* **Exercise details**
Starting at the line below holding "此外,2019年版第五套人民" and stopping at the line holding "Studio apartment with", print every line exactly, both ends included, and leave the rest out.

··· Data to examine

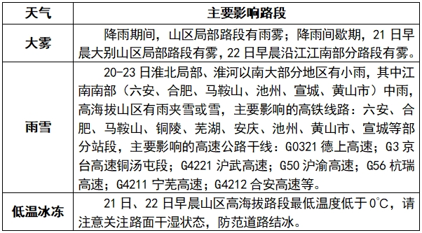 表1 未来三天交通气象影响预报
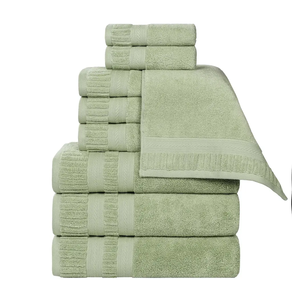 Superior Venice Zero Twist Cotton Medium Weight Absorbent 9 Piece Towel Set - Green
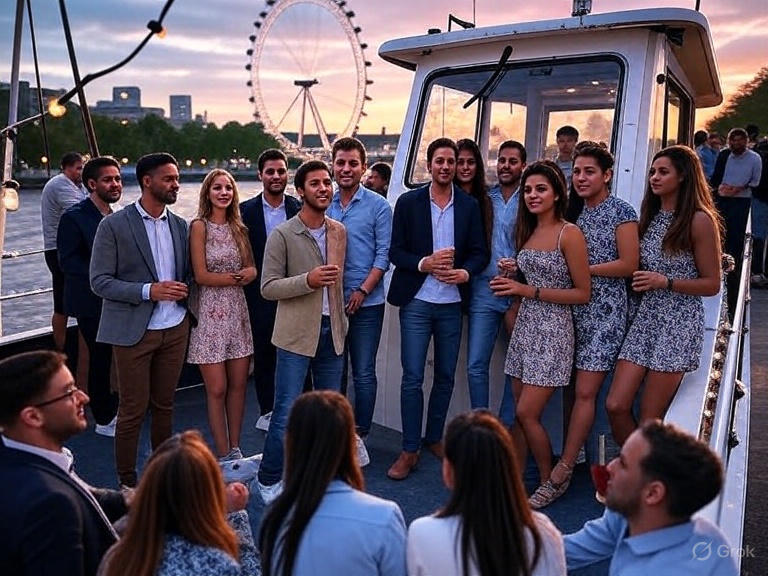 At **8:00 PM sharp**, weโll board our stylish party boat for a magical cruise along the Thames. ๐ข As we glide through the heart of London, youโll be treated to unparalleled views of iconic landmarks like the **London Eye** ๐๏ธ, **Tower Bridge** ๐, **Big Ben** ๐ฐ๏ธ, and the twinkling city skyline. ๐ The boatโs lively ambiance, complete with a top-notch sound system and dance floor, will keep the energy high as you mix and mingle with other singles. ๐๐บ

······
··· Data to examine

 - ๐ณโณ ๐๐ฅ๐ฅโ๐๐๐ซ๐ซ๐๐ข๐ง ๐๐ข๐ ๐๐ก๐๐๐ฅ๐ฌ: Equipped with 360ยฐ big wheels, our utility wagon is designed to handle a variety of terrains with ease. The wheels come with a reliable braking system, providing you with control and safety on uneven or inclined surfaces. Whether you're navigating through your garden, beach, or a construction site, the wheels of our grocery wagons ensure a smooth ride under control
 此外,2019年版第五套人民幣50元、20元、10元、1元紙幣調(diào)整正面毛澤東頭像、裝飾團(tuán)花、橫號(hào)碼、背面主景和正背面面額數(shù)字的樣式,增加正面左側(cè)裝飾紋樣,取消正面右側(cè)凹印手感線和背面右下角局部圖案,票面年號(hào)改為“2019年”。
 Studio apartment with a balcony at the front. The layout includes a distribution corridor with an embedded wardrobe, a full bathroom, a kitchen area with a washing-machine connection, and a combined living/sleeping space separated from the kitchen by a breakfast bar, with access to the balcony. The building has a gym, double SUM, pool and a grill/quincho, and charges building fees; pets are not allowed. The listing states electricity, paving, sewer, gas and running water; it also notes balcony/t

······

* **Answer box**
 此外,2019年版第五套人民幣50元、20元、10元、1元紙幣調(diào)整正面毛澤東頭像、裝飾團(tuán)花、橫號(hào)碼、背面主景和正背面面額數(shù)字的樣式,增加正面左側(cè)裝飾紋樣,取消正面右側(cè)凹印手感線和背面右下角局部圖案,票面年號(hào)改為“2019年”。
 Studio apartment with a balcony at the front. The layout includes a distribution corridor with an embedded wardrobe, a full bathroom, a kitchen area with a washing-machine connection, and a combined living/sleeping space separated from the kitchen by a breakfast bar, with access to the balcony. The building has a gym, double SUM, pool and a grill/quincho, and charges building fees; pets are not allowed. The listing states electricity, paving, sewer, gas and running water; it also notes balcony/t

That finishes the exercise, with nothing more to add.